Il y a deux ans, ils ont fêté Noël sous un toit « en dur ». Les dix-huit familles de la résidence des Alizés, à Caen, ont emménagé le 22 décembre 2013 dans quatorze logements adaptés, construits en lieu et place d’un très vieux terrain d’accueil des gens du voyage. Ils comprennent une pièce de vie, une cuisine et des sanitaires, tandis que les chambres sont installées à l’extérieur, dans les caravanes (deux à quatre selon les parcelles). Le projet, initié par la communauté d’agglomération Caen-la-Mer, a été confié au bailleur Caen habitat, qui en assure la gestion locative(2).
« Le bilan est globalement positif car les familles se sont très vite approprié les lieux », constate Dominique Basset, responsable d’agence à Caen Habitat. Les consommations d’eau et d’électricité, surveillées de près, sont plutôt bien maîtrisées et les impayés de loyer, très rares. Les logements sont entretenus avec grand soin et les familles s’inscrivent davantage dans leur quartier.

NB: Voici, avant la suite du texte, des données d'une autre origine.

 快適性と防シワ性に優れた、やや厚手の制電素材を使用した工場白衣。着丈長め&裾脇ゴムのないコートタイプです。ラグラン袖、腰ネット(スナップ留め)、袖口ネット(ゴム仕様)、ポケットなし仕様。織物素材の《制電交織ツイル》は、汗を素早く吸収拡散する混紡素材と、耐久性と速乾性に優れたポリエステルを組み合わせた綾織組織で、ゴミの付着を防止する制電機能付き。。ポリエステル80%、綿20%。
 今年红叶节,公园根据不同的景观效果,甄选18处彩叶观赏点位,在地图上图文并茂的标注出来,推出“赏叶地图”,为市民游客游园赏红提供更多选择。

Restent quelques bémols. « En amont du projet, les familles n’ont pas osé exprimer certaines demandes par peur qu’il ne se fasse pas. Or elles auraient préféré des toilettes à l’extérieur et des chambres “en dur” plutôt que dans la caravane. » Les familles préfèrent aussi cuisiner dehors plutôt qu’à l’intérieur, sous un auvent qui n’avait pas été conçu pour cet usage. « Nous sommes encore en phase d’adaptation, mais ces familles ne partiraient d’ici pour rien au monde ! »

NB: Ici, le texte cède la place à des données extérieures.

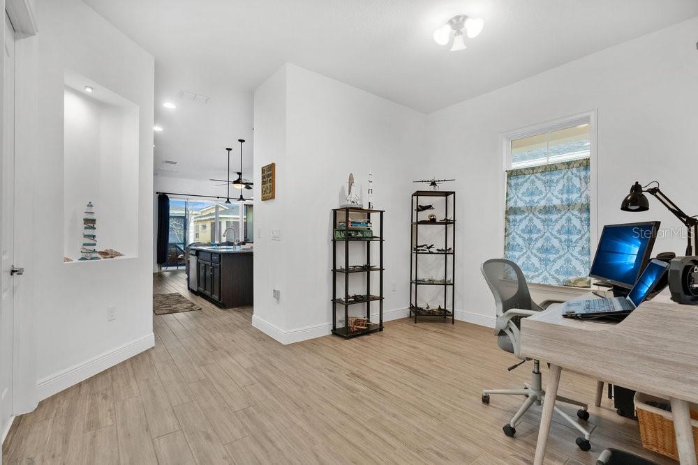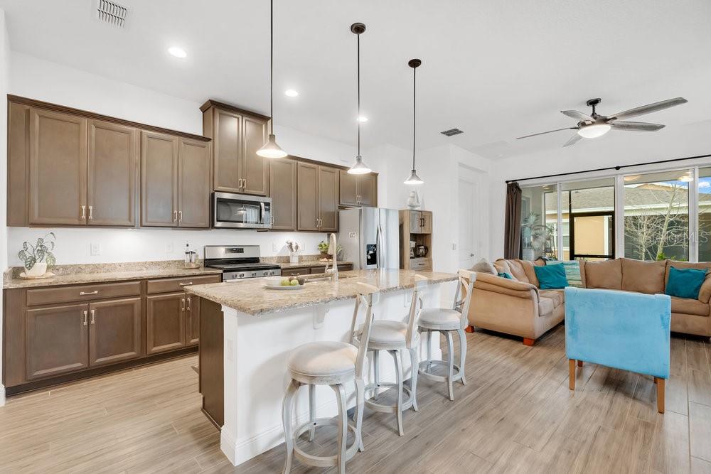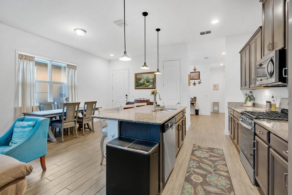 Linda vila de 2 quartos em Del Webb Twin Lakes 55+ Comunidade Entre nesta vila meticulosamente mantida de 2 camas e 2 banheiros, com uma planta baixa com uma espaçosa cozinha de ilha que abre para as áreas de jantar e de estar. The kitchen boasts upgraded Grey Maple 42" cabinetry, granite countertops, and stainless steel appliances for a modern touch. The living area shines with 10 foot ceilings which create an open and majestic feel, upgraded wood-look tile flooring and is wired for surround sound—perfect for entertaining. The outdoor screened lanai offers a relaxing atmosphere to enjoy your morning coffee or evening glass of wine! The primary suite, with enough space for a O California King oferece um grande closet, pias duplas e um espaçoso chuveiro fechado de vidro. Características notáveis adicionais: Piso epóxi de grandes dimensões na garagem com espaço para carrinho de golfe/outros brinquedos Rodapés de 5 polegadas em toda a casa Calha de chuva Windows com classificação de furacão Janela personalizada e acabamento da porta Twin Lakes 55 Comunidade-Vida no estilo resort Localizada no procurado Del Webb Twin Lakes, esta comunidade adulta ativa oferece uma variedade de comodidades, incluindo: Um clube à beira -mar com vistas deslumbrantes Piscina e sauna em estilo resort para relaxar Tênis, pickleball e quadras de bocha para vida ativa Centro de Fitness de última geração Uma variedade de clubes comunitários e atividades sociais Não perca a chance de desfrutar de um luxo que vive em uma comunidade vibrante e rica em amenidades!

Après son adoption en première lecture à l’Assemblée nationale en juin dernier, la proposition de loi relative au statut, à l’accueil et à l’habitat des gens du voyage attend son examen par les sénateurs(3). Celle-ci prévoit trois grandes mesures : une disposition très attendue supprimant le titre de circulation, une hausse des pouvoirs du préfet pour inciter les communes à organiser l’accueil des gens du voyage et enfin une lutte plus efficace contre les stationnements illégaux. L’esprit de ce texte, présenté par le député (PS) de Loire-Atlantique Dominique Raimbourg ? Prévoir « des droits et des devoirs pour tous ». Celui qui est aussi président de la commission nationale consultative des gens du voyage plaide pour le développement de projets d’habitat adapté conduits par les bailleurs sociaux, de terrains familiaux financés par les collectivités locales, mais aussi de terrains familiaux privés, « à condition que ceux-ci soient autorisés par le plan local d’habitat et respectent les règles d’urbanisme ». Constatant que 70 % des aires d’accueil ont été réalisées depuis 2000 (et seulement 50 % des aires de grands passages), le député prévient que ces nouvelles formes d’habitat devront se développer « sans renoncer aux aires d’accueil ».
(1) Cette salariée de la Filiale immobilière commune des organismes sociaux d’Indre-et-Loire (Ficosil) est mise à disposition par la fédération Soliah (Solidaires par l’habitat) –
(2) Il a aussi été financé par l’Etat, la ville de Caen, la CAF et des fonds européens.